You are viewing a plain text version of this content. The canonical link for it is here.
Posted to dev@pig.apache.org by "Olga Natkovich (JIRA)" <ji...@apache.org> on 2008/09/11 21:55:44 UTC

[jira] Created: (PIG-427) casting parameters of a UDF

casting parameters of a UDF
---------------------------

                 Key: PIG-427
                 URL: https://issues.apache.org/jira/browse/PIG-427
             Project: Pig
          Issue Type: Improvement
    Affects Versions: types_branch
            Reporter: Olga Natkovich
             Fix For: types_branch


Currently if we have a UDF that declares via getArgToFuncMapping that it can only handle a subset of types, passing any other types to the function would result in an error. However, some types can be promoted to others and it would be useful if typechecker to perform best fit cast. For instance, if the input parameter has type of Long and the UDF support Int and Double, the code should cast the paraneter into Double.

This would be very useful for conversion of the UDFs from the piigybank to the new code.

-- 
This message is automatically generated by JIRA.
-
You can reply to this email to add a comment to the issue online.


[jira] Updated: (PIG-427) casting parameters of a UDF

Posted by "Shravan Matthur Narayanamurthy (JIRA)" <ji...@apache.org>.
     [ https://issues.apache.org/jira/browse/PIG-427?page=com.atlassian.jira.plugin.system.issuetabpanels:all-tabpanel ]

Shravan Matthur Narayanamurthy updated PIG-427:
-----------------------------------------------

    Attachment: 427-1.patch

Patch with Olga's comments included

> casting parameters of a UDF
> ---------------------------
>
>                 Key: PIG-427
>                 URL: https://issues.apache.org/jira/browse/PIG-427
>             Project: Pig
>          Issue Type: Improvement
>    Affects Versions: types_branch
>            Reporter: Olga Natkovich
>            Assignee: Shravan Matthur Narayanamurthy
>             Fix For: types_branch
>
>         Attachments: 427-1.patch, 427.patch
>
>
> Currently if we have a UDF that declares via getArgToFuncMapping that it can only handle a subset of types, passing any other types to the function would result in an error. However, some types can be promoted to others and it would be useful if typechecker to perform best fit cast. For instance, if the input parameter has type of Long and the UDF support Int and Double, the code should cast the paraneter into Double.
> This would be very useful for conversion of the UDFs from the piigybank to the new code.

-- 
This message is automatically generated by JIRA.
-
You can reply to this email to add a comment to the issue online.


[jira] Updated: (PIG-427) casting parameters of a UDF

Posted by "Shravan Matthur Narayanamurthy (JIRA)" <ji...@apache.org>.
     [ https://issues.apache.org/jira/browse/PIG-427?page=com.atlassian.jira.plugin.system.issuetabpanels:all-tabpanel ]
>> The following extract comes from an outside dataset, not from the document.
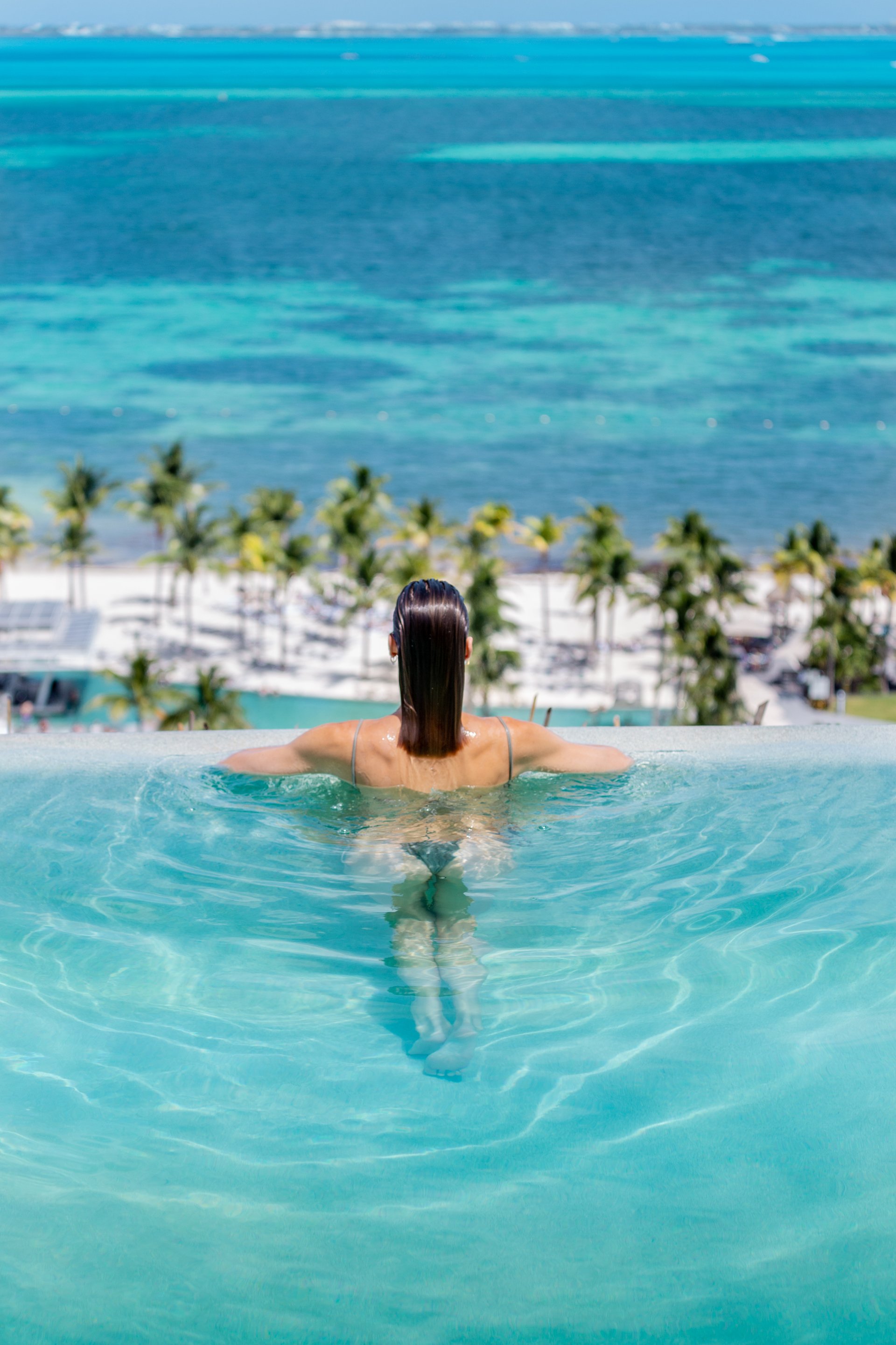 Guests relaxing by the infinity pool at a luxury beachfront resort, surrounded by palm trees and overlooking the Caribbean Sea.

Shravan Matthur Narayanamurthy updated PIG-427:
-----------------------------------------------

    Status: Patch Available  (was: Open)

The patch implements the following logic:

checks if a fit is possible and returns a score if so. The lesser the score the better the fit.
A table of possible casts is maintained and the table is ordered so as produce a sensible heuristic for the fit score. The principle behind the heuristic is that it tries to choose lesser number of casts and if the number of casts is same tries to choose conversions to a smaller type where ordering of types is:
        INTEGER, LONG, FLOAT, DOUBLE, CHARARRAY, TUPLE, BAG, MAP (from small to big)

Once the best fit is determined, casts are introduced to suit that fit. However, if the schema contains a schema embedded as a Tuple or a Bag, the bestFit function wants these schemas to match exactly. For ex., if SUM provides a mapping to BAG(integers} & BAG(floats), and we have BAG(longs) as input, the best fit doesn't try to insert a cast here because the nesting here can be arbitrary and finding the right project where the cast should be inserted is a bit complicated.
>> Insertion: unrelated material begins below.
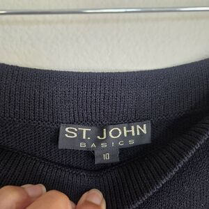 ST. JOHN BASICS Black Santana Knit Straight Leg Pants Size Women's 10 Pull On Made in the USA Vintage. Pants Have Flaws, some pulls and some holes towards the back lower leg shown in photos. Please see photos for approximate measurements.

The patch also includes a test case which tests three scenarios for casting.

> casting parameters of a UDF
> ---------------------------
>
>                 Key: PIG-427
>                 URL: https://issues.apache.org/jira/browse/PIG-427
>             Project: Pig
>          Issue Type: Improvement
>    Affects Versions: types_branch
>            Reporter: Olga Natkovich
>            Assignee: Shravan Matthur Narayanamurthy
>             Fix For: types_branch
>
>
> Currently if we have a UDF that declares via getArgToFuncMapping that it can only handle a subset of types, passing any other types to the function would result in an error. However, some types can be promoted to others and it would be useful if typechecker to perform best fit cast. For instance, if the input parameter has type of Long and the UDF support Int and Double, the code should cast the paraneter into Double.
> This would be very useful for conversion of the UDFs from the piigybank to the new code.

-- 
This message is automatically generated by JIRA.
-
You can reply to this email to add a comment to the issue online.
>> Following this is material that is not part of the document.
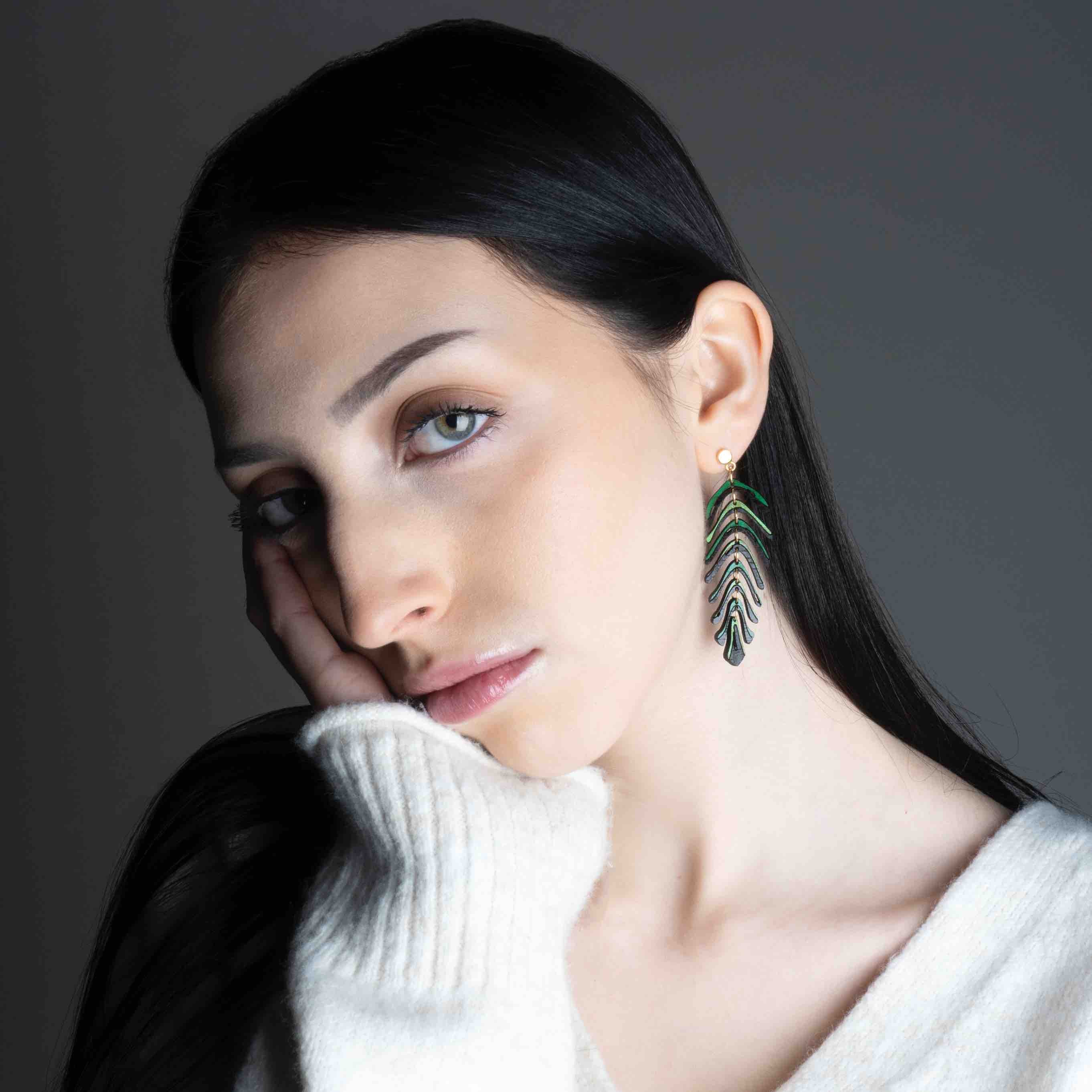 Areca Palm Leaf Reclaimed Rosewood Dangle Earrings

[jira] Updated: (PIG-427) casting parameters of a UDF

Posted by "Shravan Matthur Narayanamurthy (JIRA)" <ji...@apache.org>.
     [ https://issues.apache.org/jira/browse/PIG-427?page=com.atlassian.jira.plugin.system.issuetabpanels:all-tabpanel ]

Shravan Matthur Narayanamurthy updated PIG-427:
-----------------------------------------------

    Attachment: 427-3.patch

With all the changes, had left out the statement to set the found matching spec as the new func spec in LOUserFunc.

One extraneous change is in src/org/apache/pig/pen/EquivalenceClasses.java which has an unused import which was causing an error in eclipse. Removed that in this patch.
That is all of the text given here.